Habit hab·it [hab-it] –noun
1. an acquired behavior pattern regularly followed until it has become almost
involuntary: the habit of looking both ways before crossing the street.
involuntary: the habit of looking both ways before crossing the street.
2. customary practice or use: Daily bathing is an American habit.
3. a particular practice, custom, or usage: the habit of shaking hands.
4. a dominant or regular disposition or tendency; prevailing character or quality: She has a habit of looking at the bright side of things.
Recent occurrences in my life had me face myself in the mirror and really see my reflection. Gathered information from various places had me analyze myself, my circumstances and my goals for the future.

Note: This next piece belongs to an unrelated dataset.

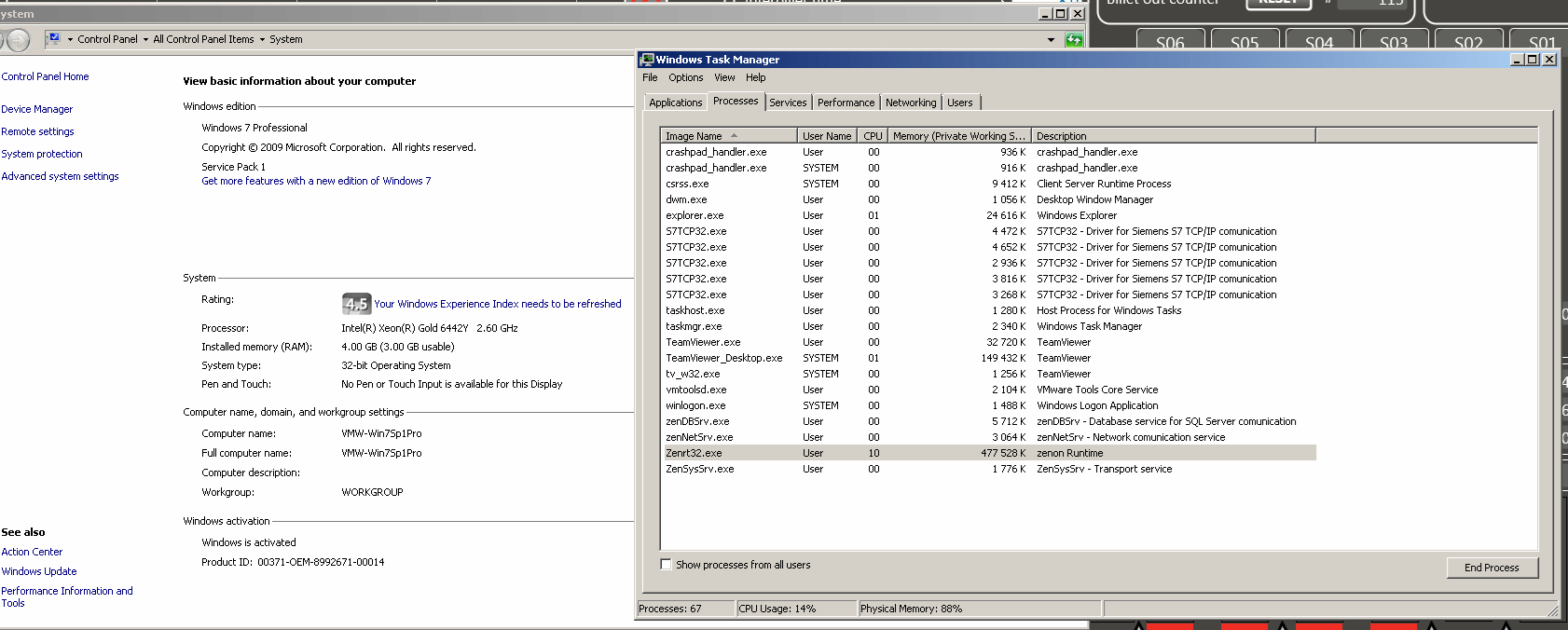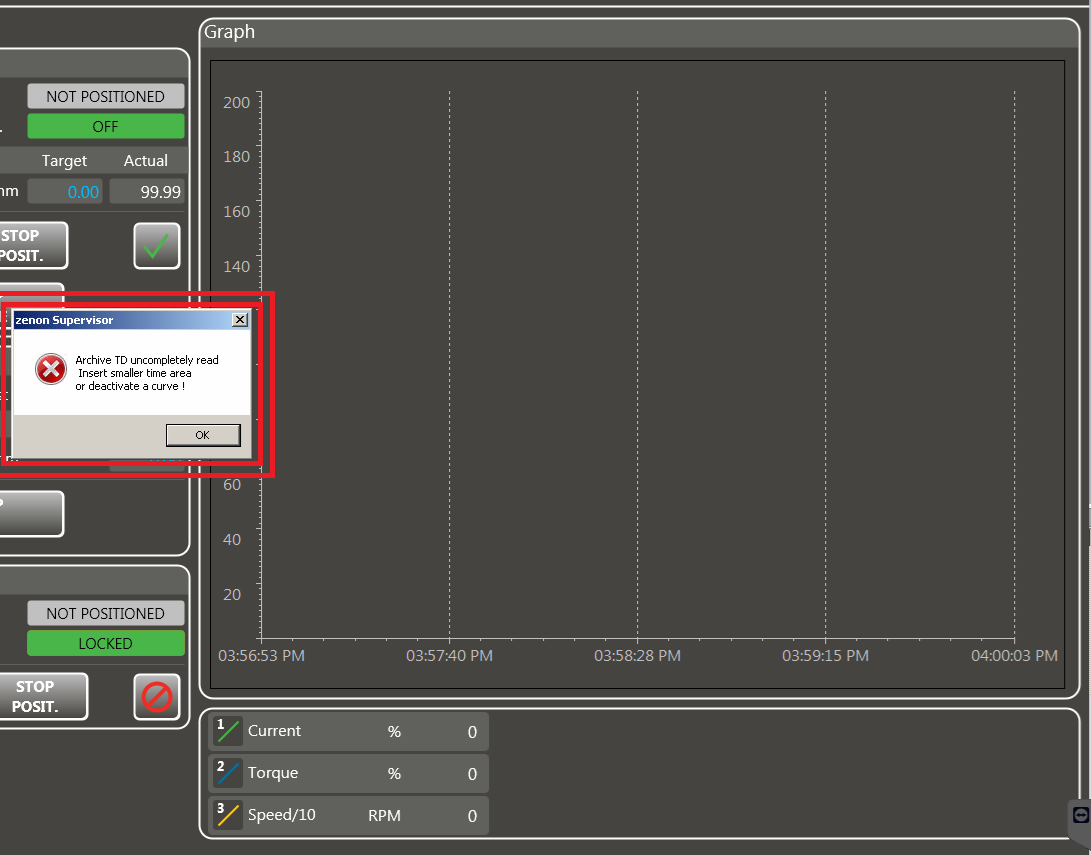 I have old project in Zenon 7.00 SP0 build 13, and we use VM with Windows 7 Professional (32-Bit OS) for testing new pages we had to add in project, and since September it was working fine, but in last week and a half it started to show popup at screens with trends/graphs (screen type: extended trend; control element\Window\Diagram window). Message "Archive TD uncompletely read. Insert smaller time area or deactivate curve!". I have changed time from 3min to 1 min, and Historian is set to cycle read by deafult zenon settings. (i saw cycle is recommended for analog values, not to use on change), also it's recommended to have 4GB of RAM, but windows 7 can use max to 3GB.

I found myself in a hamster wheel, running in circles and just like the friendly mouse Pinky from Pinky and the Brain, I thought I was finally getting somewhere. I guess we all know, the distance travelled on a treadmill can be electronically measured, but do we actually get anywhere?
I was faced with a decision. I needed my life to change. I was not meant to stay in this situation forever and everything I did was keeping me in the same spot I had been in for years. I had to stop pointing my fingers at the world and I had to look into myself to make changes in my thoughts and actions. I discovered that I was protecting myself, but not in a healthy way. My growth was minimal because I was too busy asking questions instead of looking for answers, and when I was given answers that I didn't like I pretended not to hear.
The saying ignorance is bliss is devastatingly wrong, for a fool can only lead the blind. I not only wanted answers, I wanted the truth. Yet I was not receiving every message that was being sent my way. I needed something powerful to hit me in the face and push me in the right direction. I was willing to do the work, but I didn't know where to start or what part to start on. I had no idea what was wrong with me, I thought I was well on my way. However, when the same thing happens to you over and over again, no matter which direction you go, you can only assume that everyone and everything else is not the problem, I'm the problem. But what could my problem possibly be?
I knew I had trust issues. I knew I had been through a rough life. I know my past is not the most honorable past, but I had moved on and let that side of me go... or did I?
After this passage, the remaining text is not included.